In this post we’ll take a look at the first result from the Code Clone Analysis, and do some refactoring to eliminate the duplication. The first result indicated that it found an exact match repeated 14 times across the solution, with 18 lines of duplicated code in each of the 14 blocks.
Net Lines Of Code Deleted: 179
In this case the code in question was a bunch of classes representing the various Bosses.

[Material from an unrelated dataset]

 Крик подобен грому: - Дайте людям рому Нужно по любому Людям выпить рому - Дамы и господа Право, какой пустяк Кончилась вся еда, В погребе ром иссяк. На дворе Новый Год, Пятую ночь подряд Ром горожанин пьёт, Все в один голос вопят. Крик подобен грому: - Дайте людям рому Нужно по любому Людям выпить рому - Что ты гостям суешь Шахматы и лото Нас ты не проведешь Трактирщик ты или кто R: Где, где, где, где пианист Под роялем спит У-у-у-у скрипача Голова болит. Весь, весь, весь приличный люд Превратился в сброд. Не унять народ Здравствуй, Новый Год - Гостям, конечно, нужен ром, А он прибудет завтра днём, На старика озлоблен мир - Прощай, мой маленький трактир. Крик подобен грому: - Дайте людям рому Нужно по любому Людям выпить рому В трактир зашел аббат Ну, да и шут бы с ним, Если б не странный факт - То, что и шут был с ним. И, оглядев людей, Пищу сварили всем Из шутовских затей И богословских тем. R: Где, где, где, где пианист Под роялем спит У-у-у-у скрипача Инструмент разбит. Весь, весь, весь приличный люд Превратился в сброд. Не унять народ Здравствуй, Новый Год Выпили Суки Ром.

Every Boss class has a constructor that initializes a whole bunch of properties of that boss, however, for most bosses a lot of these are simply set to 0’s.
Every Boss class inherits from the class MultiDiffBoss, so I simply moved all the initialization of the various properties to the base class constructor, and left it up to the Boss subclasses to only set those that are different than the default values.

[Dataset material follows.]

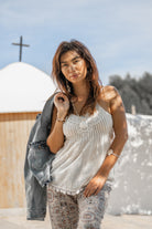 Vervolgens is Strap Top Vida Cream ideaal voor laagjeslooks. Draag hem onder de knit met ingebreide hartjes. Of style de top met een gilet en een boho jeans. Daarmee ontstaat meteen de typische mix van romantische kleding en stoer denim. Precies zoals Romantic Soul bedoeld is. Contrast maakt de look!

In this case there are actually 22 Boss subclasses, however, due to some inconsistencies in the code structure Code Clone only identified 14 of them as identical blocks. Since I was in there refactoring the 14 identified already, it was pretty straightforward to identify the other 8 subclasses that had the same duplicated behavior and refactor those also.
Note: Code Clone Analysis is pretty slow right now. It takes approx 1 min to build this solution, but it takes 9 mins to run Code Clone Analysis. Personally, if the results are high quality I’m OK with it taking a long time to run since I don’t expect it’s something I would be running all that often. However, it would be nice to be able to run it as part of a nightly build, but at this time I don’t believe it’s possible to run outside of Visual Studio due to a dependency on the meta-data available in the VS environment.